About This Site

consumerdirectmarketing.org is a reference resource on the Consumer Direct Marketing business model and the adjacent distribution structures that surround it: traditional direct sales, multi-level marketing, affiliate marketing, membership commerce, and the modern creator economy.

The site exists to consolidate, in one accessible place, structural information about how these distribution models actually work — at the level of compensation mechanics, customer ownership, inventory flow, and regulatory classification. Content is organized into pillar explainers that define each model, brand profiles documenting how individual firms operate, founder profiles, head-to-head structural comparisons that apply a consistent set of dimensions, frequently asked questions, and analytical articles that extend the reference base as the industry evolves.

Research Methodology

Sourcing hierarchy

Sources are used in roughly the following order of priority: court decisions, regulatory filings issued by the Federal Trade Commission and Securities and Exchange Commission, and statutory text; peer-reviewed academic literature; company-published documents including compensation plans, annual reports, and governance disclosures; industry-body publications with disclosed methodology; and journalism from outlets with published editorial standards.

Comparative framework

Comparisons between distribution models apply the structural test articulated in Vander Nat & Keep (2002) and operationalized in subsequent FTC enforcement actions: does compensation flow primarily from recruitment of new participants, or from the verified sale of products to end consumers? This question is applied consistently across the site, regardless of how a given firm labels its own model. Where regulators, academics, and the firms themselves disagree on classification, the disagreement is presented and the reader is left to draw their own conclusion.

Citations

Every factual claim material to an argument is referenced to its source.
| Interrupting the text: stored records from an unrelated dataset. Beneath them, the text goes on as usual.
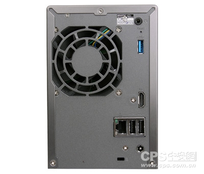 机身背面则是整个NAS最重要的位置了。有一个USB3.0接口、两个USB2.0接口、HDMI接口,3.5mm音源输出接口、前兆网络接口以及电源接口。值得一提的是华芸AS-202TE的散热风扇正对两个硬盘位置,给硬盘散热带来很好的效果。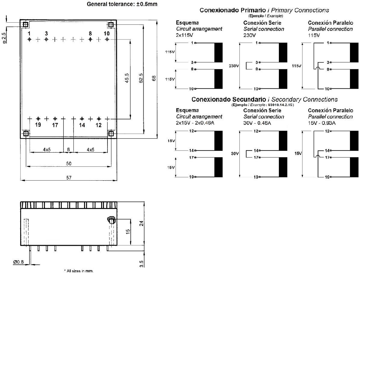 Низкопрофильный трансформатор для монтажа на печатную плату. Герметизация эпоксидной смолой; электрическая прочность изоляции 5000 В. Соответствует европейскому стандарту качества EN61558. Применяется в устройствах, выполненных с использованием печатных плат: в компьютерах и их периферии, промышленных контроллерах, телекоммуникационных приборах, медицинском оборудовании, в схемах питания ламп освещения, измерительной технике, бытовых приборах.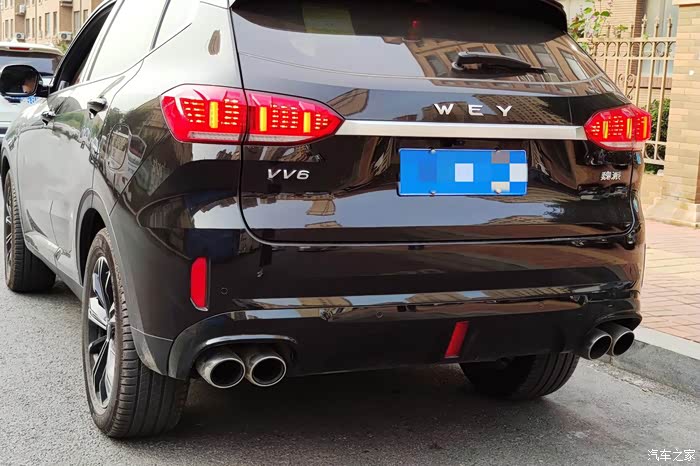 竖条状的尾灯也很有设计感。两个尾灯之间采用了镀铬的设计链条,上面是WEY的标志,整个设计干净利索,没有一点多余之处。车底部两侧各有两个排气筒,设计得很对称,动感十足,从后面看也很气派。

Citations appear at the end of each page so the body remains readable and the underlying evidence is one click away.

Corrections

Factual errors identified after publication are corrected with a dated note appended to the affected page.

Scope

Topics in scope include distribution model structure, comparative analysis between models, regulatory framework, historical development, related academic literature, and structural similarities to modern affiliate and creator commerce.